EU scientists have developed powerful fibre optic lasers that can cut industrial processing costs and open up new markets in surgery and imaging.
EU-funded scientists have developed efficient new fibre optic lasers that deliver short wavelengths for accurate polymer material processing, at incredible strength and low cost. The consortium behind the new innovations, developed through the ISLA project, is now in the process of marketing some of these cutting edge devices.
Polymers – which are lightweight yet strong – are used in numerous industries ranging from aerospace to chemicals. Industrial lasers are used to slice and shape polymer materials for use in everything from laptops to solar panels. Global competition has placed increasing pressure on profit margins, pushing manufacturers to constantly innovate in areas of product performance and production efficiency.
It is this industrial need that ISLA sought to address. The new fibre lasers developed by ISLA are just as powerful as devices currently on the market, and most importantly offer cost-competitive production. While welding, cutting and marking of plastics without the need for absorption-enhancing additives present the most obvious commercial opportunities for these fibre lasers, the success of ISLA should also open up potential new applications in other industrial sectors, such as surgery and optical coherence tomography (OCT) imaging.
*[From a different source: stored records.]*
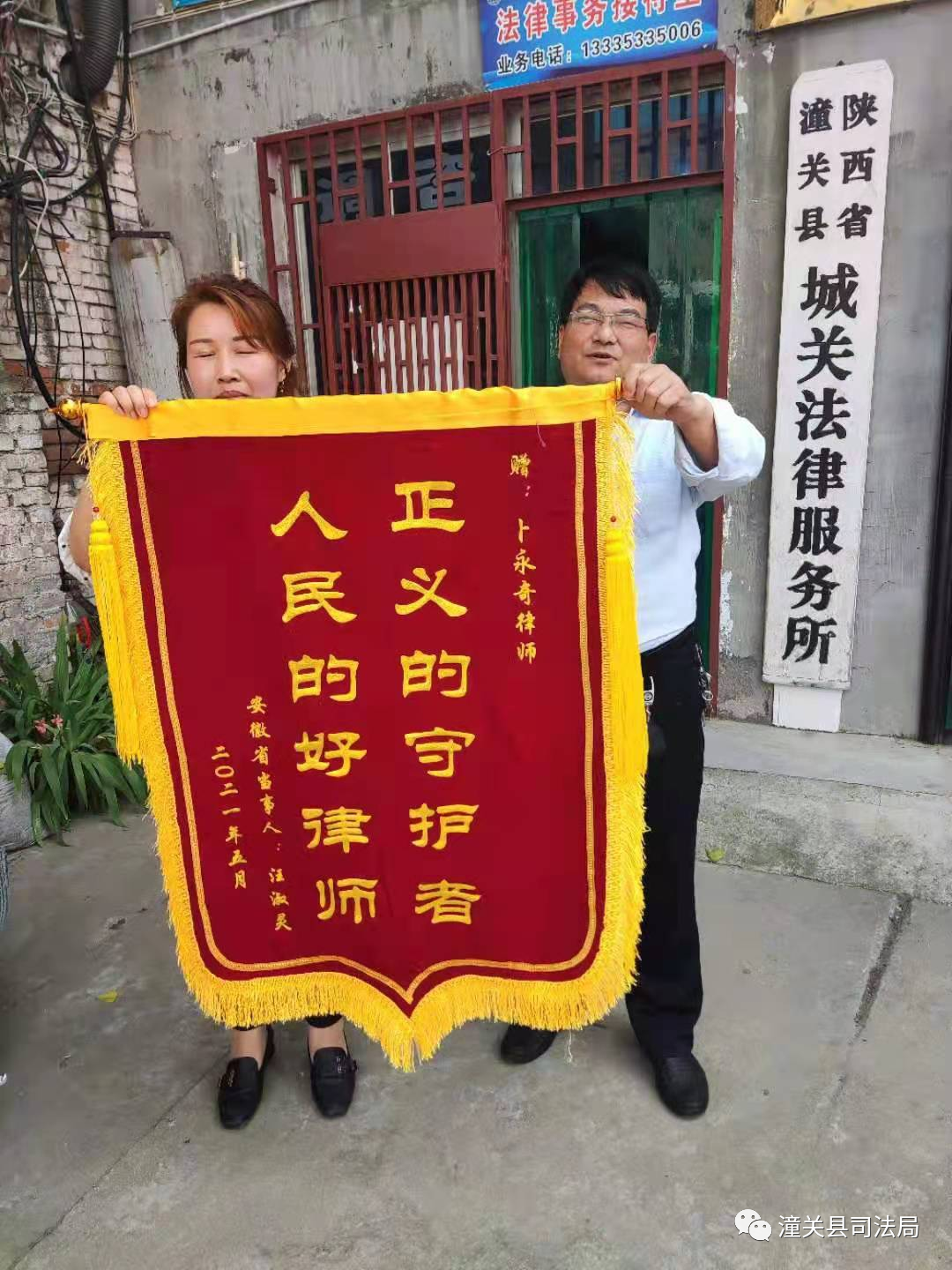 2021年5月11日,安徽省宿州市泗县草沟镇刘铺村妇女汪某来到潼关县城关法律服务所送来了锦旗,对法律工作者办理援助案件的工作态度和效率表示感谢!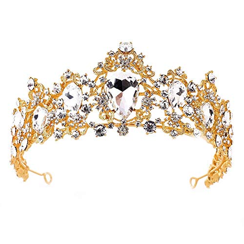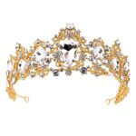豪華なウェディングティアラ。色は緑または赤、サイズは16cm x 6cm。クリスタル装飾で美しい仕上がり。ブライダル、プロム、ビューティーコンテストに最適。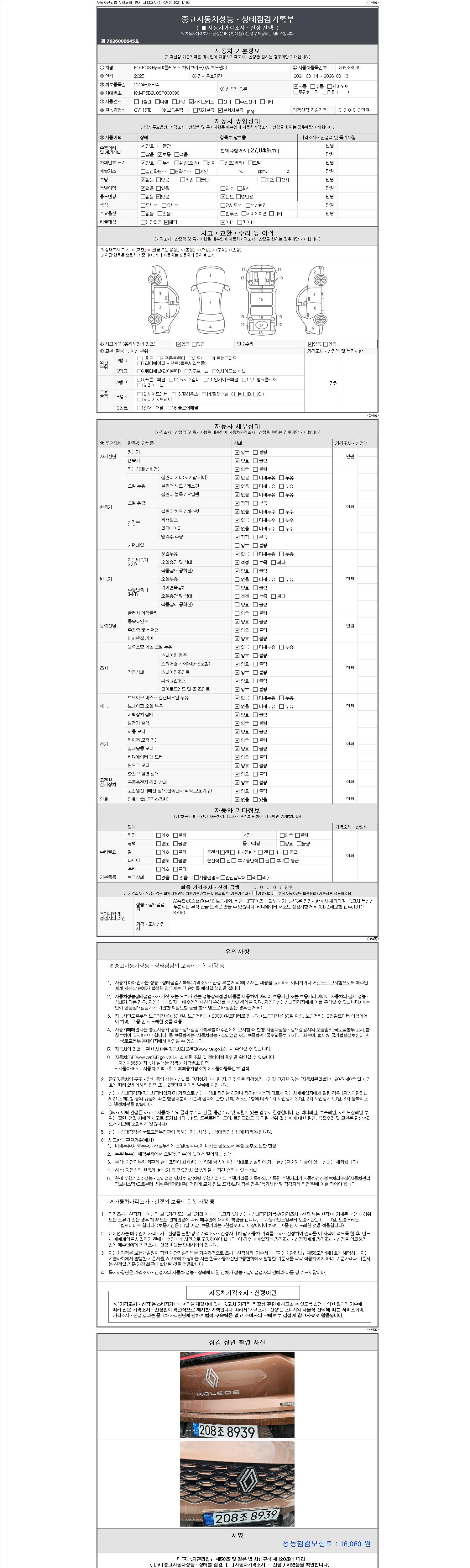 | 주행거리 | 27,848 km | 차량번호 | 208조8939 | 사고유무 | 성능기록부 참조 | 제시번호 | 제 2147483647 호 |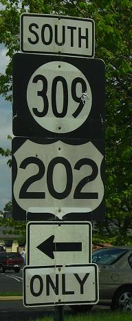 The Airport Square shopping center has gone the opposite direction from PennDOT, first demoting PA 309 to a mere NJ 309 (and a narrow one, at that), and then demoting US 202 to PA 202. As you can see, this is right by the PA 463 intersection, and what you can't see is that this is courtesy Scott Colbert.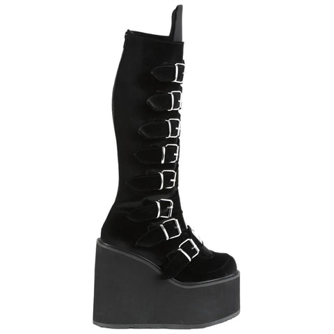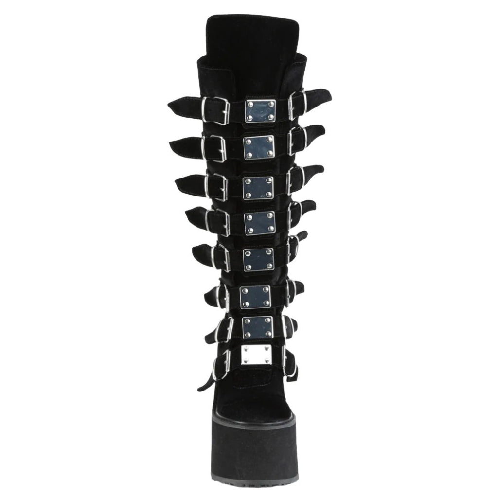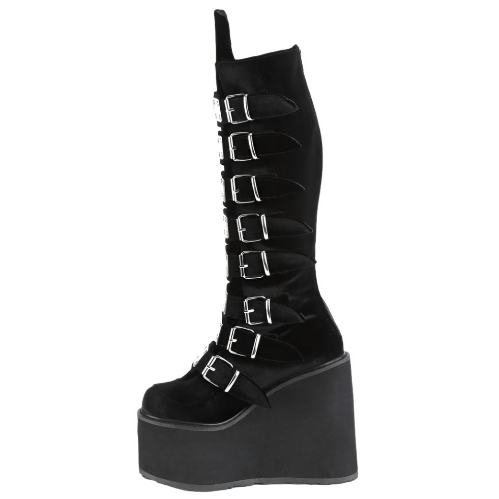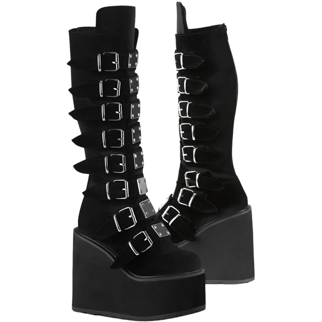 Keywords: DemoniaCult Swing-815 Boots, Black Boots, Velvet Boots, Platform Boots, Knee High Boots, Buckle Boots, Goth Boots, Punk Boots, Festival Boots, Alternative Fashion Boots, Comfortable Boots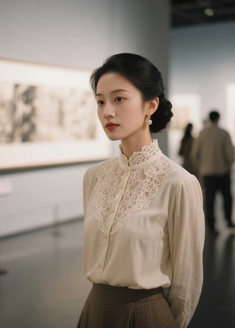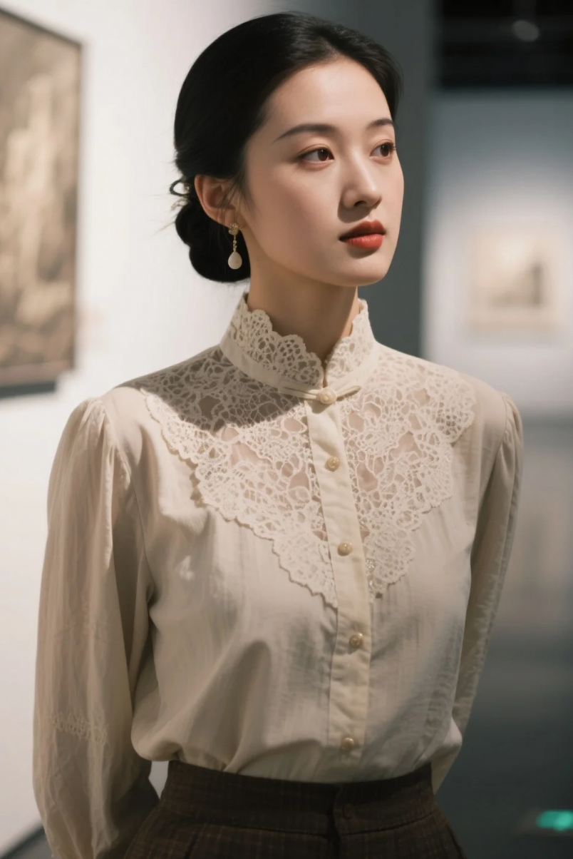 蕾丝领一衬,发髻一挽,她本身就是一幅行走的艺术品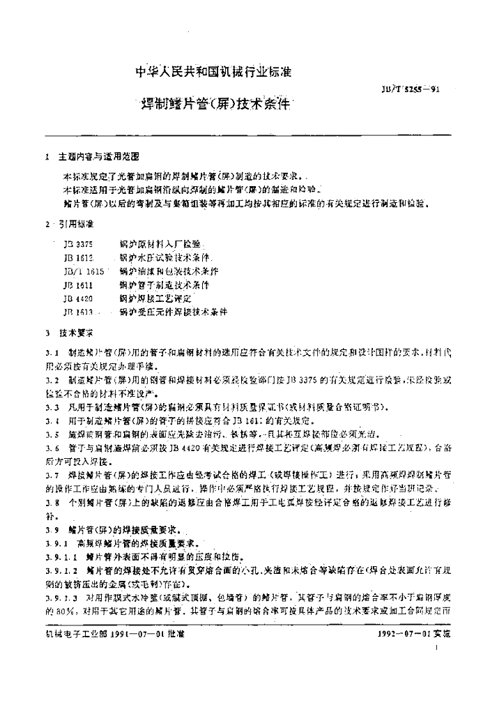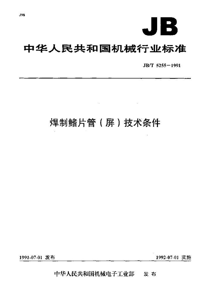 JB/T 5255-1991 焊制鳍片管(屏)技术条件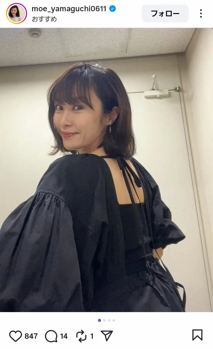 48歳・山口もえ 「せ、せ、背中が…」“艶やか黒ワンピ”姿にファン「綺麗」「もえちゃん似合う」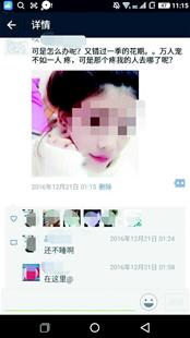 楚天都市報(bào)訊 圖為:網(wǎng)戀“女友”朋友圈截屏
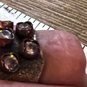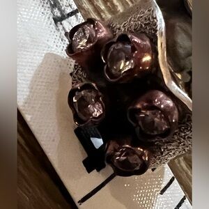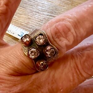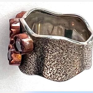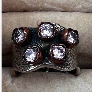 Elegant silver ring with copper accents and sparkling gemstones. Perfect for adding a touch of sophistication to any outfit.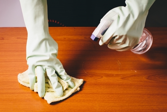 テーブルや椅子などの消毒清掃を実施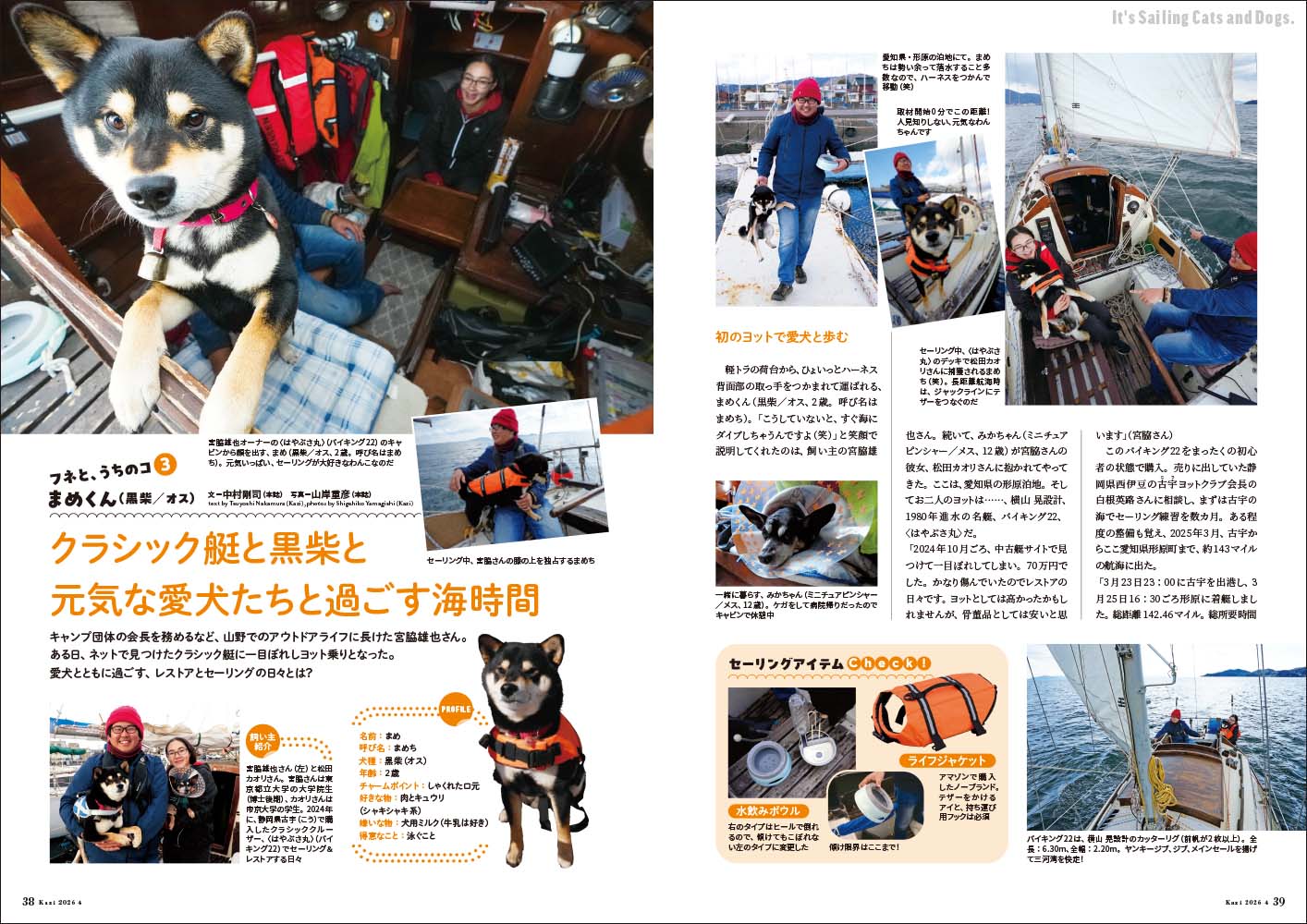 きょろきょろとあたりを見渡しながら、ヨットの上を冒険(散歩)するパピーと、それを後ろで優しく見守る村越一夫オーナーの構図があまりにも尊い。 すべての犬好きセーラーの目に触れるべきと判断し、表紙に推した。

In surgery, light can be delivered through a flexible fibre and be easily integrated into devices such as endoscopes and microscopes. The targeted nature of the laser beam is also attractive to many surgeons, enabling them to access tricky areas of the body and deliver targeted cutting while minimising damage to surrounding tissue. The treatment of varicose veins and tumour resection are two possible uses.
OCT imaging systems on the other hand are used in diverse range of sectors including art conservation and diagnostic medicine. The imaging technique is used to uncover more detail in layers beneath oil paintings than is possible with shorter-wavelength sources.
Recently the technology has also begun to be used in interventional cardiology to help diagnose coronary artery disease. While commercial fibre lasers are already available on the market, the ground-breaking components delivered by ISLA mean that lasers may soon by far more cost competitive.
The ISLA consortium also successfully developed a new graphene-based mode-locker. Mode-locking is a technique in optics by which a laser can be made to produce pulses of light of extremely short duration. Potential applications of this laser technique include optical data storage and eye surgery.
Although the project was officially completed in June 2015, characterisation work is ongoing. Once this is finished, the laser will be transferred for industrial testing at an applications laboratory in Hamburg, Germany. ISLA consortium members will also take part in a dedicated session at the LASE conference, part of SPIE’s Photonics West event in San Francisco in February 2016.